# Perfect Fishin House



## swamp hunter (Jun 5, 2011)

Where would You put it in the States . Only the States. Yea, I,d like down South America too. Fishey Waters , Pretty Senoritas. Coconut Rum.... Drug Gangs . 
We,ve got a Heck of a Coastline. Thousands of Miles. Maybe a Million.
Where,s YOUR kind of Fishin . Cold Nothern Waters ?. Maybe Sitka Alaska ?. Maybe the Louisina Coastline ?.
 Me, I,m going for a 36 Cabo Openfish , And a Double Wide on Big Pine Key , Or Grassy / Duck Key .


----------



## teethdoc (Jun 6, 2011)

St. George Island, or Steinhatchee.


----------



## Nicodemus (Jun 6, 2011)

Spring Creek Florida, just below Tallahassee.


----------



## nkbigdog (Jun 6, 2011)

Banana Bay,32ft Contendor with 2-300 four Stroke Yamaha's and a Thick Wallet.


----------



## pottydoc (Jun 6, 2011)

Venice LA, with Key West a distant second. My wife would say Key West. For the boat, a 36 Yellowfin with trip Yammi 300's.


----------



## Bryannecker (Jun 6, 2011)

Demeries Creek, Georgia.  1 acre lot with a dock, fishing lodge/party house-Florida style, house with a wrap-around porch, detached two car garage, with guest apartment over it.  All built by me and my Dad as a summer home when I lived in Savannah, but now my primary residence.  Still have the home in Savannah.  Both paid for and have three boats, all paid for and one under construction as a carolina express 34, to be diesel powered inboard.  This is not a dream that I wish for someday.  I actually have it, but then again, I am old.  It takes a life time to accumulate those toys.  Keep at it and you will make it.


----------



## Swamprat (Jun 6, 2011)

Tough one but I would say Appalachicola Bay with Mosquito Lagoon a close second. All I would need is a 15 foot skiff and a good cast net for bait.


----------



## sharks (Jun 6, 2011)

*fishing house*

It would be on jekyll island with a 31 foot contender


----------



## Eroc33 (Jun 7, 2011)

some where in the keys with a 30ish foot walk around cabin or on a trout stream in montana about 100 miles from nowhere


----------



## HALOJmpr (Jun 8, 2011)

I'd like to move back to the water in Charlotte Harbor, FL ... since we're calling it a dream home I'll say Boca Grande!  Tarpon are only a small part of the available fishing in that harbor!


----------



## CaptainCraig (Jun 9, 2011)

Venice Louisiana can't be beat inshore of offshore.


----------



## FishinMech (Jun 27, 2011)

Islemorada FL. Flat fishin and deep water. Boat 39ft yellowfin with 4 350sci mercs on the back. And about 5mill in the bank.


----------



## jimboknows (Jul 2, 2011)

Marathon or key west, a 26 gause w/tower and if the lottery hits a viking in the 60ft range


----------



## MR. SCOOTINN (Jul 2, 2011)

I am a little bias Jupiter Fl,3-5 miles out for the gulf,50 miles from bahamas ,& still can get to the keyes.


----------



## CAL (Jul 2, 2011)

Bryannecker said:


> Demeries Creek, Georgia.  1 acre lot with a dock, fishing lodge/party house-Florida style, house with a wrap-around porch, detached two car garage, with guest apartment over it.  All built by me and my Dad as a summer home when I lived in Savannah, but now my primary residence.  Still have the home in Savannah.  Both paid for and have three boats, all paid for and one under construction as a carolina express 34, to be diesel powered inboard.  This is not a dream that I wish for someday.  I actually have it, but then again, I am old.  It takes a life time to accumulate those toys.  Keep at it and you will make it.
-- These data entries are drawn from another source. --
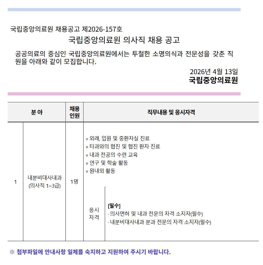 ±¹¸³Áß¾ÓÀÇ·á¿ø ä¿ë°ø°í Á¦2026-157È£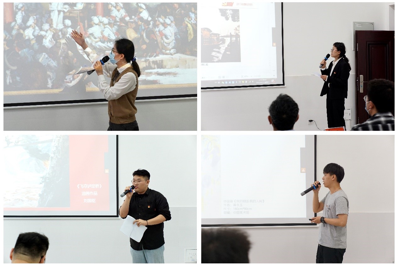 演讲比赛共有16名研究生党员参加,他们所选取的党史故事来自于16幅红色题材的美术作品,他们或取材于中国革命战争中的伟大场景,如秋收起义、百团大战,或取材于社会主义建设中的火热场景。艺术家们取笔成史,以艺术家的视角,用他们的画作,讴歌了百年时代的伟大创举,给人民以巨大的鼓舞,选手们将其中的伟大精神内涵转换成慷慨激昂的演讲,赢得了评委和观众的阵阵掌声,倾情展现了党员同志们一心向党、永远跟党走的坚定决心。
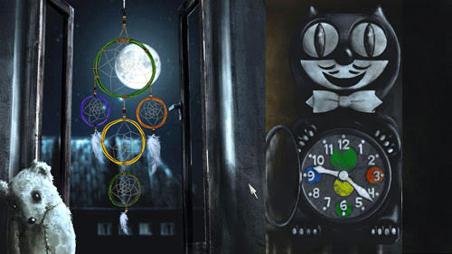 Vertemos el agua de la jarra en la tetera (combinar) y poner ésta sobre los fogones. A la madre le cae un trapo al suelo, lo cogemos regresando al dormitorio. Examinamos el reloj de la pared, lo limpiamos con el trapo, abrimos la esfera y cogemos una pieza del atrapasueños. Miramos por segunda vez el reloj, en el zoom memorizamos las posiciones y colores de los redondeles. Examinamos la ventana, la abrimos con la llave y colgamos el atrapasueños del cordel añadiendo también la pieza suelta.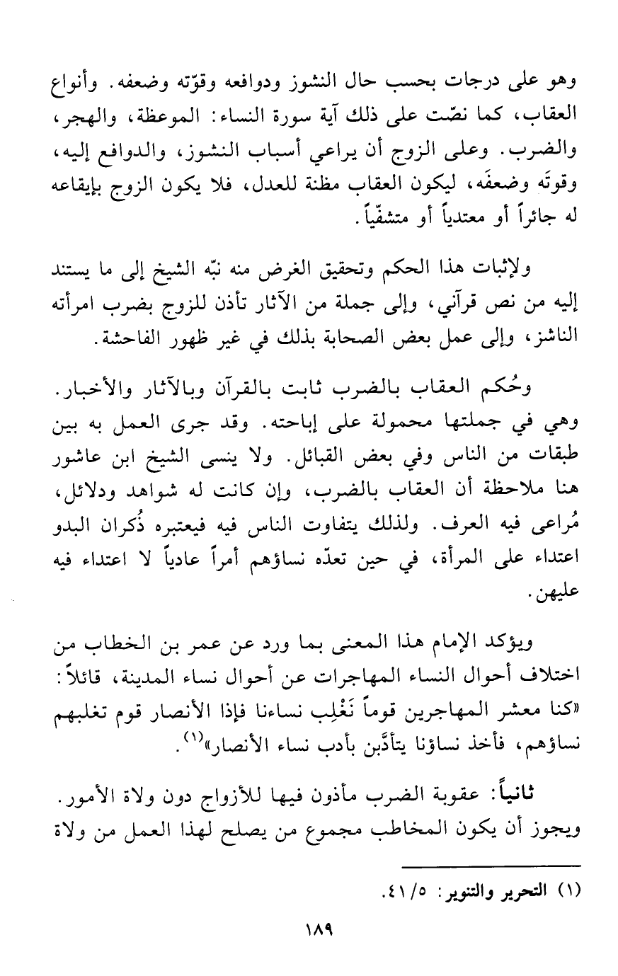 ولإثبات هذا الحكم وتحقيق الغرض منه نبّه الشيخ إلى ما يستند إليه من نص قرآني، وإلى جملة من الآثار تأذن للزوج بضرب امرأته الناشز، وإلى عمل بعض الصحابة بذلك في غير ظهور الفاحشة.
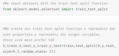 X_train,X_test,y_train,y_test=train_test_split(X,y,test_size=0.3,random_state= 21)
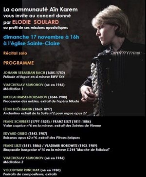 Tu veux savoir ce qu’ont pensé les spectateurs et la presse de cet événement : Récital solo d'Elodie Soulard à l'accordéon - Eglise Sainte Claire ? Découvre leurs avis éclairés et prépare-toi à vivre un moment d’exception à ton tour en réservant tes places !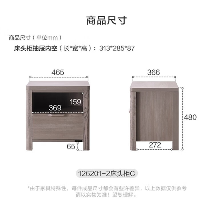 全友(QUANU)【迷瞪清仓货盘】【床头柜合集】卧室收纳储物小柜子抽屉式床头柜 127701-2床头柜D*1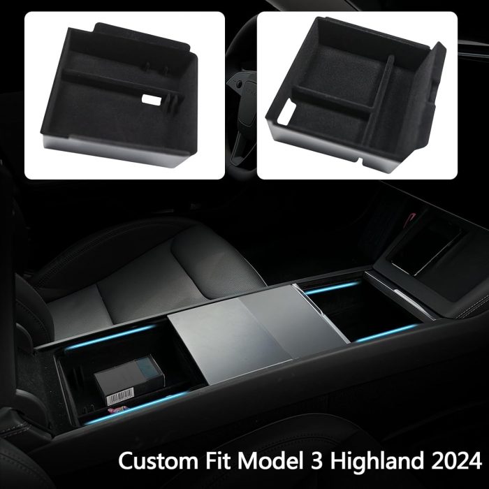 UPGRADE EXTRA SPACE – Tesla Upgrade center console tray for better use of storage space, easy organization, has large storage space for mobile phone, driving license, bank card, glasses, money, keys, lipstick etc.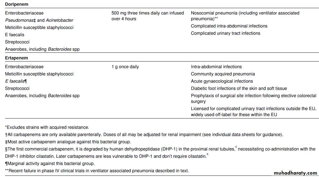 Doripenem—This recently launched analogue has similar activity to meropenem. It is twice as active in vitro against P aeruginosa, but whether this translates into clinical efficacy is debatable. Phase III clinical trials found doripenem was slightly less likely than imipenem to select for resistance in P aeruginosa pneumonia, but a recent phase IV trial comparing doripenem with imipenem-cilastatin in ventilator associated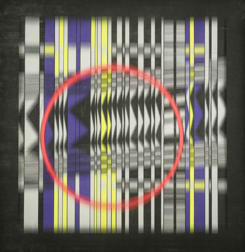 Guido Baldessari ( Venezia 1938 ) Struttura vibrante 1975 Tecnica mista su cartoncino con copertura in plexiglas zigrinato a linee orizzontali, cm. 50x50, in teca di cm. 61x61 Sul verso: firma, data e titolo, Etichetta e Timbri dell'Artista con descrizione; Bibliografia: "Guido Baldessari", a cura di Artetivù, pag. 43. Autentica dell'Artista con foto, timbro e Archivio n° stvi1975-2.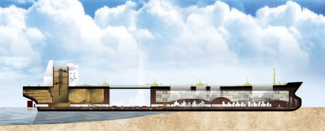 全球经济非常依赖石油,而石油依赖于这些将其从一个地方运输到另一个地方的巨型船只。这个论点看起来似乎这些船只的唯一任务就是运输它们没有其他用途,对吧?然而,一组建筑师提出了一个关于如何将这些船只作为基础设施重新使用的建议。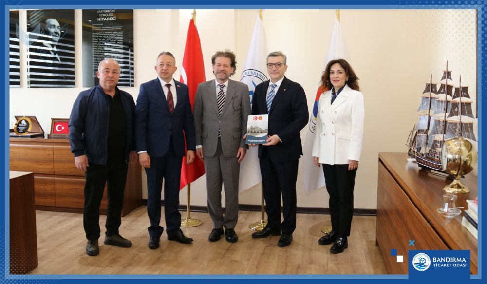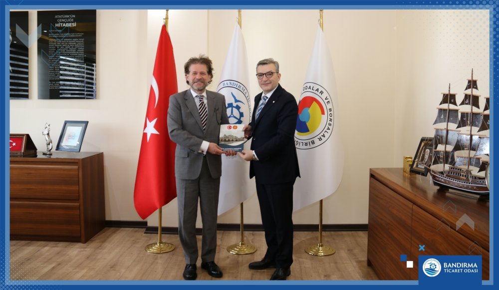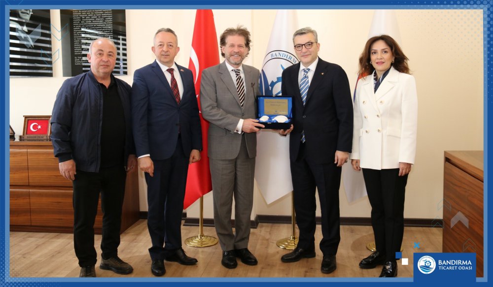 Kuzey Makedonya Ankara Büyükelçisi Sayın Jovan Manasijevski ve Kuzey Makedonya Bursa Fahri Konsolosu Sayın Halil Bedzeti, Odamız Yönetim Kurulu Başkanı Bahadır Çolak ve Meclis Başkanı Funda Seçil Dedeoğlu'nu ziyaret etti.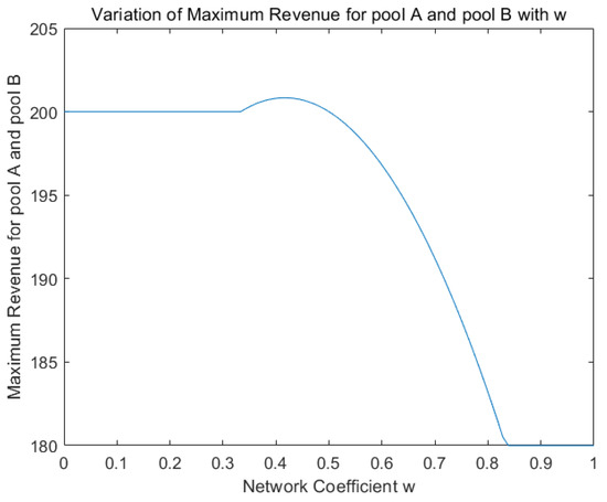 From Equation (2), we can conclude that the right side of the inequality is the optimal return for a given mining pool as network conditions improve, and the left side of the inequality is the value that is closest to the optimal return. A range of values for the network environment goodness factor is obtained by solving the inequality in this manner. According to Equation (2) and the game model in Section 3, we can determine the network environment coefficient w for mining pool A and mining pool B to select an optimal DDoS attack strategy for maximum profit, with a requirement that . According to the value of w in Equation (2), we can obtain that w is in a situation where the value is relatively large, indicating that both mining pool A and mining pool B will choose the strategy to obtain the optimal returns under a good network condition. We define as the best revenue in good networks for pools. Therefore, mining pools choose as the strategy that is profitably optimal. Also, pool A and pool B both have an optimal return of .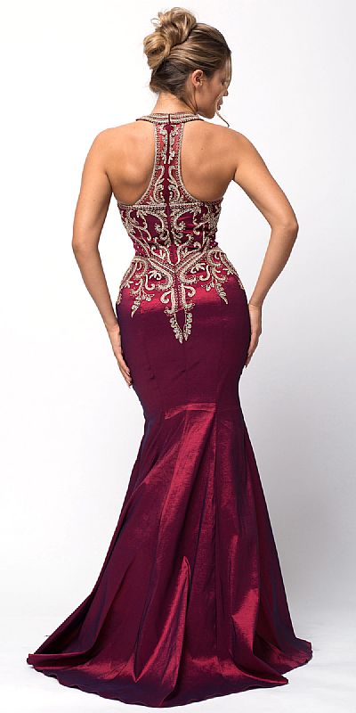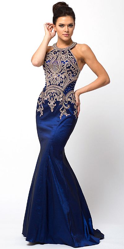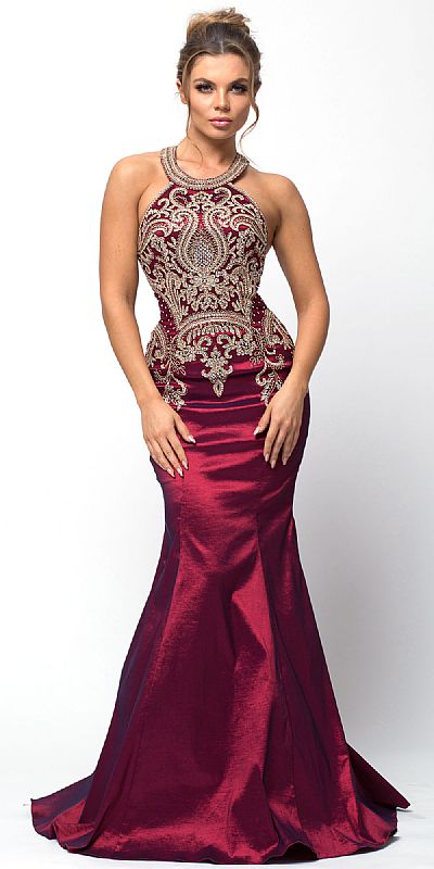 Embellished Bodice Round Neck Fit-n-Flare Long Prom Dress.Bejeweled lace & beads make an exquisite pattern all over the bodice at front & back. Halter round collar neck with hook & back zipper closure. Flared mermaid cut bottom with little train at the back too. Imported.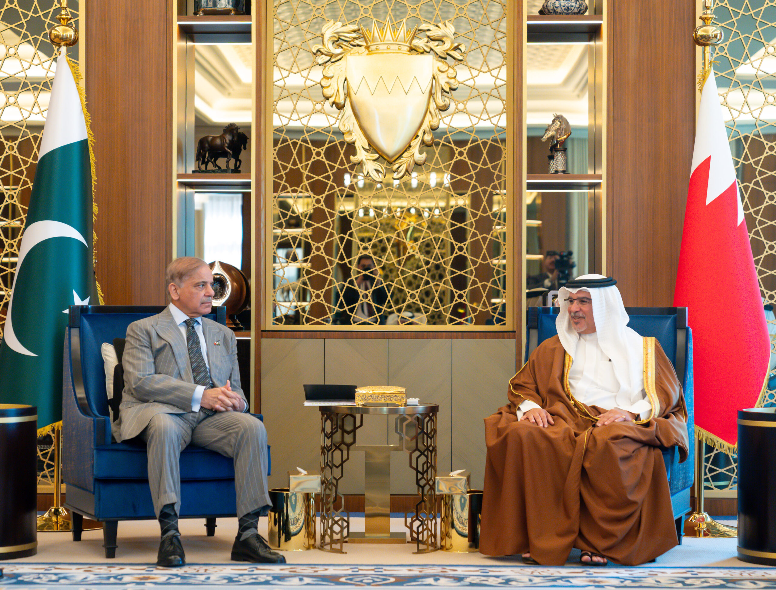 His Royal Highness Prince Salman bin Hamad Al Khalifa, the Crown Prince and Prime Minister, today met with His Excellency Muhammad Shehbaz Sharif, the Prime Minister of the Islamic Republic of Pakistan, at Gudaibiya Palace.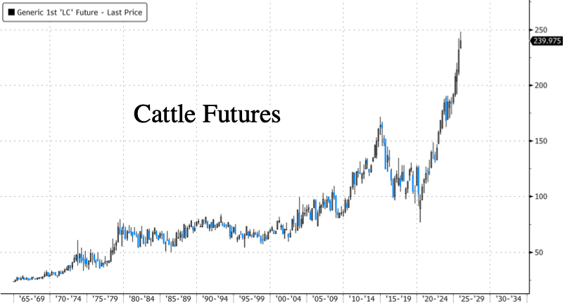 U.S. cattle futures are no longer on track for their largest year-to-date gain since 1978. Instead, selling pressure has eroded gains to about 25%, yet it still marks the strongest annual increase since 2010. The pullback comes as President Trump and White House officials confront yet another challenge in the fight against sticky food inflation: a nationwide cattle shortage (years in the making) that has pushed cattle futures to record highs and sent supermarket beef prices to unaffordable levels for working-poor households.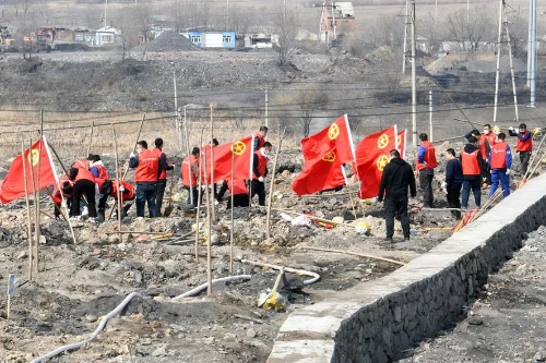 在植树现场,一群身穿红色马夹参加义务植树的矿区青年志愿者吸引了大家的目光。公司团委组织矿区青年志愿者在这里开展“为矿山增绿色,为团旗添新彩”义务植树志愿服务活动,矿区青年志愿者相互配合,有的人负责挖树坑,有的人负责栽树苗,干得热火朝天,充分展示了公司广大团员青年“奉献、友爱、互助、进步”的志愿服务精神和良好形象,不仅为绿色矿山建设做出了积极贡献,还增强了公司广大团员青年植绿、护绿、爱绿的意识。“人多力量大!我们用一个多小时就栽种了200多棵柳树,很有成就感,相信这些树木能长得很好,用行动为建设绿色矿山和我市创建国家森林城市尽一份力、为美丽家园再添新绿。”矿区青年志愿者、新兴矿西六采区政工干事杨利伟说。参加义务植树活动的公司机关部室、直属单位和社保管理中心、救护大队职工认识到团队协作的重要性,表示要为矿区更美更绿做出贡献。据统计,参加此次义务植树活动的公司机关部室、直属单位和社保管理中心、救护大队职工共栽种了杨树苗、柳树苗2600棵,以实际行动为建设绿色矿山和我市创建国家森林城市再添新绿,展现出了国企担当精神和朝气蓬勃、不畏辛苦、奋发进取的良好精神风貌。种下绿色,种下未来。公司机关部室、直属单位和社保管理中心、救护大队职工亲手种下了一棵棵充满希望的树苗,用实际行动为建设绿色矿山和我市创建国家森林城市播种下绿色的种子,传播了生态文明理念,种出了属于全市的绿水青山和金山银山,绘出了绿色矿山的新画卷。(摄影:孙国祥)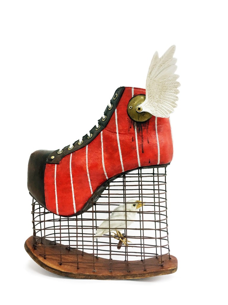 Все арт-объекты этой экспозиции представляют собой… пары женской обуви, с той лишь поправкой, что эти туфли не предназначены для ношения, а, по замыслу их авторов и куратора выставки должны продемонстрировать историю борьбы женщин за свои права.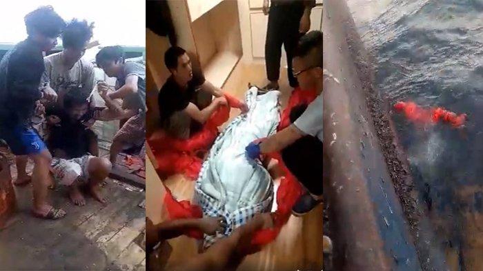 Sebelum dibuang ke laut, mayat yang berada di dalam selimut tampak diangkat oleh tiga orang yang mengenakan baju hitam.

Congratulations on your hard work and success.
Me,I ain't hard to please.A cottage on the canal in Mexico Beach.Already got my boat for trolling.


----------



## ryanwhit (Jul 2, 2011)

don't think you can beat the keys for great year-round fishing weather, species of fish, proximity to blue water, snorkeling/diving, and lobsters.  Plus the bahamas are just a boat ride away...


----------



## Fletch_W (Jul 3, 2011)

Problem with Florida is it's just too hot in the summer. 

My vote is Sullivan's Island SC.


----------